After you created your AWS Database Migration Service (AWS DMS) task, start your replication tasks. To start your AWS DMS task, do the following:

  1. Open the AWS DMS console at https://console.aws.amazon.com/dms/v2/.

  2. Select Database migration tasks, and then choose Create task.

  3. On the Create database migration task page, select your replication task.

  4. Choose Actions, “Restart / Resume”.

Step 6: Monitor your migration

Task status and Table statistics

After you start the task, the full load operation starts loading tables. Your replication task status will be “Running” until full-load completes. After the AWS DMS task completes full load, the task status changes to the Load complete, replication ongoing phase. The following image shows the updated status of the task.

You can see the table load completion status in the Table statistics section and the corresponding target files in the Amazon S3 bucket. You can check the progress of replication on the Table statistics tab. AWS DMS first does full-load on each table. Meanwhile, the task status is Running, and at least one of the tables' Load states is “Before Load” or “Full load”. Tables that have been loaded are displayed as “Table completed”. When all tables have been fully loaded, the task status becomes “Load completed, replication ongoing”. The task continues to capture source changes and apply them to the target.

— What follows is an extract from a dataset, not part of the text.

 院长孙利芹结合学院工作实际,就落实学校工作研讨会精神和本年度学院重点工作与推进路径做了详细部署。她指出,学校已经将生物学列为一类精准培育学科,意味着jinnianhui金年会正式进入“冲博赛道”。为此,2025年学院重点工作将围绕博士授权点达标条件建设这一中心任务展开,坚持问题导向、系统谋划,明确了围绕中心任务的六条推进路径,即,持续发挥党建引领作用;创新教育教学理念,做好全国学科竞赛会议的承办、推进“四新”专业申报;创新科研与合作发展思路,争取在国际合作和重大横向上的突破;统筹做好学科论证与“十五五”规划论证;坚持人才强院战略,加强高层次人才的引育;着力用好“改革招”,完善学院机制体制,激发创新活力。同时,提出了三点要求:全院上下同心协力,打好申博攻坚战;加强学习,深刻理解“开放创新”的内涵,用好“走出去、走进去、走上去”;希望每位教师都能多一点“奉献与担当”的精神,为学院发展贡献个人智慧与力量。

In this scenario, the full-load phase typically completes in about 20 minutes. If you don’t use partitions-auto for table mapping, the same full-load phase takes about an hour. Parallel full load can significantly improve full load performance.

Cloudwatch Metrics

The AWS DMS console shows CloudWatch statistics for each task. To see metrics, select the replication task and then select the CloudWatch metrics tab.

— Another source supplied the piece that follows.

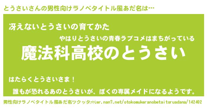 | 女子向けラノベタイトル風あだ名 | 『とうさいアンティーク』 |

Task metrics are divided into statistics between the replication host and the source endpoint, and statistics between the replication host and the target endpoint. You can determine the total statistic for a task by adding two related statistics together. For example, you can determine the total latency, or replica lag, for a task by combining the CDCLatencySource and CDCLatencyTarget values.

CDCLatencySource is the gap, in seconds, between the last event captured from the source endpoint and current system time stamp of the AWS DMS instance. CDCLatencySource represents the latency between source and replication instance. High CDCLatencySource means the process of capturing changes from source is delayed. To identify latency in an ongoing replication, you can view this metric together with CDCLatencyTarget. If both CDCLatencySource and CDCLatencyTarget are high, investigate CDCLatencySource first.

CDCLatencyTarget is the gap, in seconds, between the first event timestamp waiting to commit on the target and the current timestamp of the AWS DMS instance. Target latency is the difference between the replication instance server time and the oldest unconfirmed event id forwarded to a target component. In other words, target latency is the timestamp difference between the replication instance and the oldest event applied but unconfirmed by the TRG endpoint. When CDCLatencyTarget is high, it indicates that the process of applying change events to the target is delayed.

These metrics are useful for knowing what state your tasks are in.

Conclusion

In this walkthrough, we covered most prerequisites that help avoid configuration related errors. You can get started on your own migrations using the following documentation.

If you observe issues when running your task, see Troubleshooting migration tasks and Best practices in the AWS DMS public documentation, or reach out to AWS Support for further assistance.